Il se dirigea vers le placard à vêtements et, du bout des doigts, enfila à son tour une tenue de vulcanologue.

– Ne sors pas, dit Pamela.

– Tu mourras toi aussi, l'avertit Lucille.

– Mais s'il y a vraiment des habitants du Soleil, comment les appeler? Pourquoi pas des… Soliens! On recherche vainement depuis toujours des Martiens, des Vénusiens, et les extraterrestres seraient là, dans le point le plus brûlant du ciel. Des Soliens! Des Soliens!


Simon sortit dans le feu. Il observa de grandes bourrasques de magma orange. Il ne s'agissait ni de gaz ni de liquides, mais de chaleur à l'état pur, intense. À côté de cette chaleur-là, même l'habitacle caniculaire lui semblait maintenant frais.

Sous sa combinaison, sa peau rissolait. Il sut qu'il ne disposait que de quelques minutes pour découvrir les habitants du Soleil. Il avança péniblement dans la limite autorisée par le filin de sécurité. S'il ne se passait rien dans les trois prochaines minutes, il regagnerait le vaisseau. Pas question de se calciner comme Pierre. Simon ne ressentait nulle envie de devenir martyr, il désirait seulement, éperdument, passionnément, se livrer à des expériences scientifiques audacieuses. Or un scientifique mort est un scientifique qui a échoué.

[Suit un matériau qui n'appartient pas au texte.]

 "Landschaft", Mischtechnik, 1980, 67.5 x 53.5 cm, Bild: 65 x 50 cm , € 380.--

Il consulta avec appréhension sa montre. Elle explosa en une multitude d'éclats en fusion.

Ce fut à ce moment qu'il «les» distingua. Ils étaient là, comme autant de volutes irréelles. Des Soliens. Ils avaient l'apparence de bouffées de plasma animées, de grands papillons aux voilures orange. Ils pouvaient communiquer par télépathie.

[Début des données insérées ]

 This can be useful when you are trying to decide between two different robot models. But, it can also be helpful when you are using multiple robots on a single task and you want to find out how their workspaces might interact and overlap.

Ils s'entretinrent avec Simon, pas assez longtemps cependant pour qu'il s'enflamme. Ensuite le Soleillonaute hocha la tête et retourna vers Icare.


– Fantastique, dit-il par la suite à Pamela. Ces êtres de feu vivent sur le Soleil depuis des milliards d'années. Ils possèdent leur langage, leur science, leur civilisation propres. Ils baignent dans le feu solaire sans la moindre gêne.

– Qui sont-ils? Quels sont leurs modes de vie?

Simon fit un vague geste de la main.

– Ils m'ont tout raconté en échange de ma promesse de ne rien divulguer aux hommes. Le Soleil doit rester «terra incognita». Nous devons le protéger des perpétuelles visées expansionnistes des Terriens.

– Tu plaisantes?

– Pas le moins du monde. Ils ne nous laissent repartir que parce que j’ai juré de garder le secret sur tout ce qu'ils m'ont appris. Je ne me délierai jamais de mon serment.

Simon contempla la lumière crue à travers les protections du hublot.

– Choisir Icare pour nommer cette mission était somme toute une idée stupide. Comment s'appelle cet oiseau qui renaît toujours de ses cendres…?

– Le phénix, dit Pamela.

– Oui, le phénix. L'expédition Phénix. C'est ainsi que nous aurions dû la baptiser.